Fast Computation of Shifted Popov Forms of Polynomial Matrices via Systems of Modular Polynomial Equations

Abstract

We give a Las Vegas algorithm which computes the shifted Popov form of an $m \times m$ nonsingular polynomial matrix of degree $d$ in expected $\widetilde{\mathcal{O}}(m^\omega d)$ field operations, where $\omega$ is the exponent of matrix multiplication and $\widetilde{\mathcal{O}}(\cdot)$ indicates that logarithmic factors are omitted. This is the first algorithm in $\widetilde{\mathcal{O}}(m^\omega d)$ for shifted row reduction with arbitrary shifts.
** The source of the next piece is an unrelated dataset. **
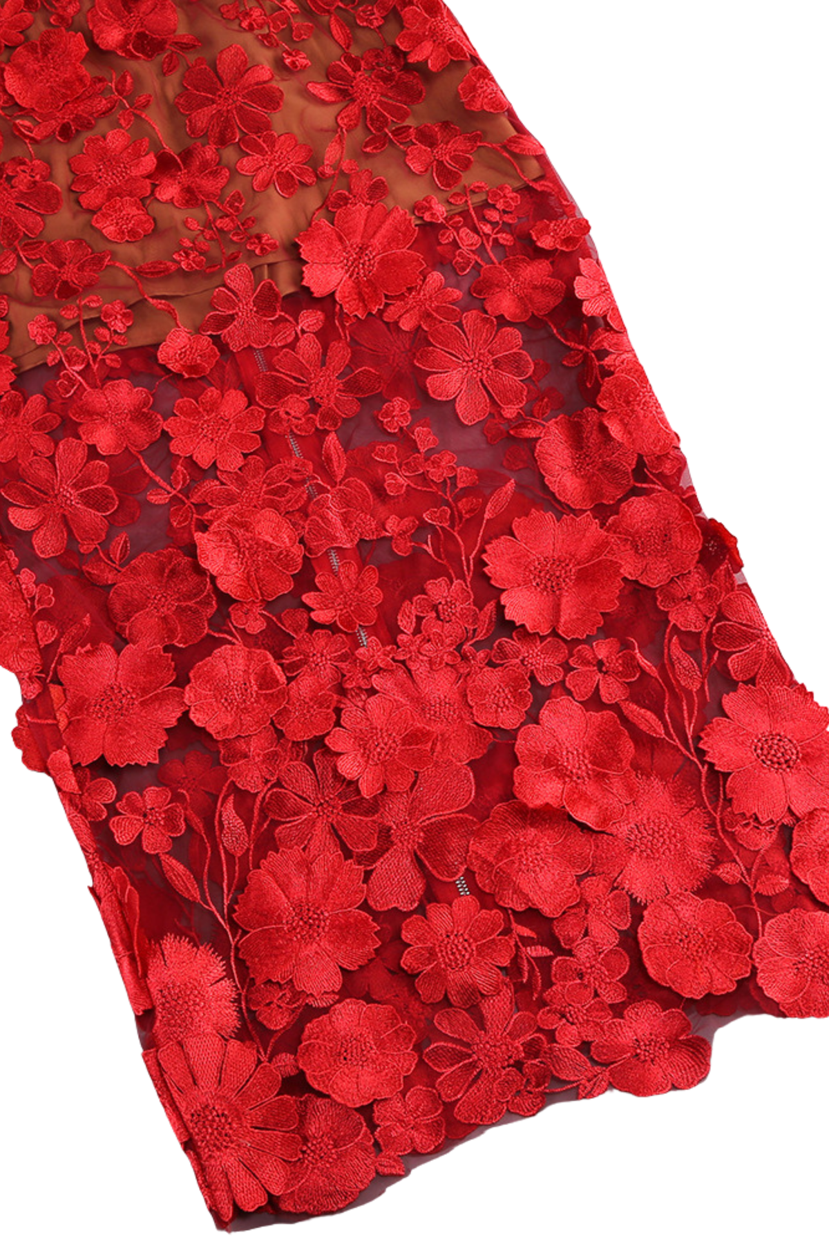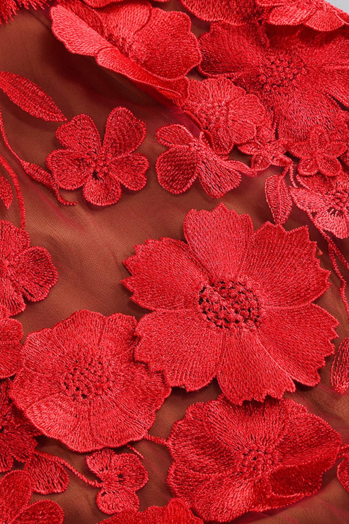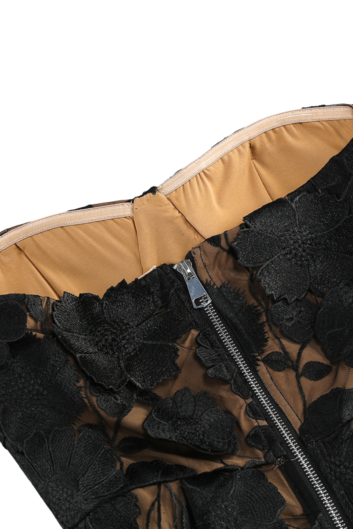 • Nude mesh base with intricate black 3D floral appliqué embroidery

Using partial linearization, we reduce the problem to the case $d \le \lceil \sigma/m \rceil$ where $\sigma$ is the generic determinant bound, with $\sigma / m$ bounded from above by both the average row degree and the average column degree of the matrix. The cost above becomes $\widetilde{\mathcal{O}}(m^\omega \lceil \sigma/m \rceil)$, improving upon the cost of the fastest previously known algorithm for row reduction, which is deterministic. Our algorithm first builds a system of modular equations whose solution set is the row space of the input matrix, and then finds the basis in shifted Popov form of this set. We give a deterministic algorithm for this second step supporting arbitrary moduli in $\widetilde{\mathcal{O}}(m^{\omega-1} \sigma)$ field operations, where $m$ is the number of unknowns and $\sigma$ is the sum of the degrees of the moduli. This extends previous results with the same cost bound in the specific cases of order basis computation and M-Pad\'e approximation, in which the moduli are products of known linear factors.